Metadata-Version: 2.1
Name: densmap-learn
Version: 0.2.1
Summary: densMAP
Home-page: http://github.com/hhcho/densvis
Maintainer: Ashwin Narayan
Maintainer-email: ashwinn@mit.edu
License: MIT
Description: # densMAP
        
        This software package contains an implementation of density-preserving data visualization tool **densMAP**, which augments the [UMAP](https://github.com/lmcinnes/umap) algorithm (based on v0.3.10).
        Some of the following instructions are adapted from the UMAP repository.
        
        ## Installation
        densMAP shares the same dependencies as UMAP, including:
        
        * numpy
        * scipy
        * scikit-learn
        * numba==0.48.0
        
        Our code currently does not support the latest version of numba (0.49.0).
        
        ### Install Options
        
        PyPI installation of densMAP, assuming all dependencies are installed, can be performed as:
        
        ```bash
        pip install densmap-learn
        ```
        
        For a manual install, first download this package:
        
        ```bash
        wget https://github.com/hhcho/densvis/archive/master.zip
        unzip densvis-master.zip
        rm densvis-master.zip
        cd densvis-master/densmap/
        ```
        
        Install the requirements:
        
        ```bash
        sudo pip install -r requirements.txt
        ```
        
        or
        
        ```bash
        conda install scikit-learn numba
        ```
        
        Finally, install the package:
        
        ```bash
        python setup.py install
        ```
        
        ## Usage
        
        Like UMAP, the densMAP package inherits from sklearn classes, and thus drops in neatly
        next to other sklearn transformers with an identical calling API.
        
        ```python
        import densmap
        from sklearn.datasets import fetch_openml
        from sklearn.utils import resample
        
        digits = fetch_openml(name='mnist_784')
        subsample, subsample_labels = resample(digits.data, digits.target, n_samples=7000,
                                               stratify=digits.target, random_state=1)
        
        embedding, ro, re = densmap.densMAP().fit_transform(subsample)
        ```
        
        ### Input arguments
        
        There are a number of parameters that can be set for the densMAP class; the
        major ones inherited from UMAP are:
        
         -  ``n_neighbors``: This determines the number of neighboring points used in
            local approximations of manifold structure.

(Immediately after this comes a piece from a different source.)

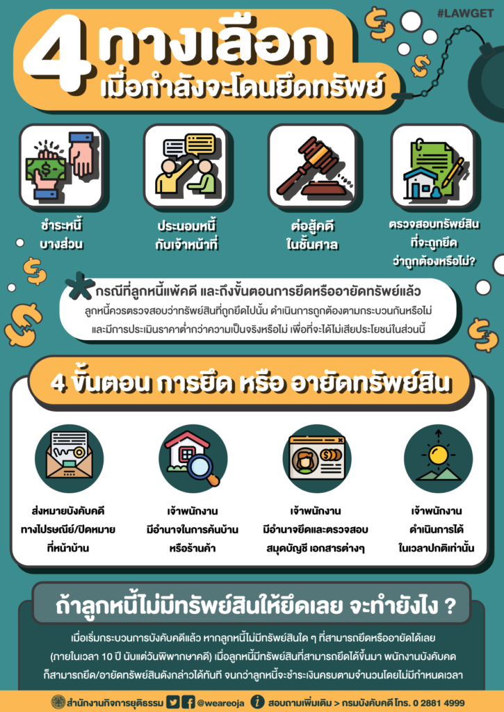 สอบถามเพิ่มเติมเกี่ยวกับการยึดหรืออายัดทรัพย์สิน กรมบังคับคดี โทร. 0 2881 4999

Larger values will result in
            more global structure being preserved at the loss of detailed local
            structure. In general this parameter should often be in the range 5 to
            50; we set a default of 30.
        
         -  ``min_dist``: This controls how tightly the embedding is allowed compress
            points together. Larger values ensure embedded points are more evenly
            distributed, while smaller values allow the algorithm to optimise more
            accurately with regard to local structure. Sensible values are in the
            range 0.001 to 0.5, with 0.1 being a reasonable default.
        
         -  ``metric``: This determines the choice of metric used to measure distance
            in the input space. A wide variety of metrics are already coded, and a user
            defined function can be passed as long as it has been JITd by numba.
        
        The additional parameters specific to densMAP are:
        
        - ``dens_frac``: This determines the fraction of iterations that will include
          the density-preservation term of the gradient (float, between 0 and 1); default 0.3.
        
        - ``dens_lambda``: This determines the weight of the density-preservation
          objective. See the original paper for the effect this parameter has when changed (float, non-negative); default 2.0.
        
        - ``final_dens``: When this flag is `True`, the code returns, in addition to the embedding,
          the local radii for the original dataset and for the embedding. If `False`, only the embedding
          is returned (bool); default `True`.
        
        Other parameters that can be set include:
        
        - ``ndim``: Dimensions of the embedding (int); default 2.
        
        - ``n_epochs``: Number of epochs to run the algorithm (int); default 750.
        
        - ``var_shift``: Regularization term added to the variance of embedding local radius for stability (float, non-negative); default 0.1.
        
        ### Output arguments
        If `final_dens` is `True`, returns `(embedding, ro, re)`, where: 
        - `embedding`: a (number of data points)-by-`ndims` numpy array containing the embedding coordinates
        
        - `ro`: a numpy array of length (number of data points) that contains the log local radius of
        the input data
        
        - `re`: a numpy array of length (number of data points) that contains the log local radius
        of the embedded data
        
        If `final_dens` is `False`, returns just `embedding`. 
        
        An example of making use of these options:
        
        ```python
        embedding, ro, re = densmap.densMAP(n_neighbors=25, n_epochs=500, dens_frac=0.3,
                                            dens_lambda=0.5).fit_transform(data)
        ```
        
        ### From the command line
        
        We also provide the file `densmap.py` which allows you to run densMAP from the terminal,
        specifying the major options from above. Simply run:
        
        ```bash
        python densmap.py -i [--input INPUT] -o [--outname OUTNAME] -f [--dens_frac DENS_FRAC]
            -l [--dens_lambda DENS_LAMBDA] -s [--var_shift VAR_SHIFT] -d [--ndim NDIM]
            -n [--n-epochs N-EPOCHS] -k [--n-nei N-NEIGHBORS] [--final_dens/--no_final_dens FINAL_DENS]
        ```
        where within the square braces are the long-form flag and the capitalized text corresponds to
        the parameters above. For example:
        ```
        python densmap.py -i data.txt -o out -f .3 -k 25
        ```
        and
        ```
        python densmap.py --input data.txt --outname out --dens_frac .3 --n-nei 25
        ```
        both run densMAP on input file `data.txt` to produce output files `out_emb.txt`
        and `out_dens.txt`, using `dens_frac=0.3` and `n_neighbors=25`.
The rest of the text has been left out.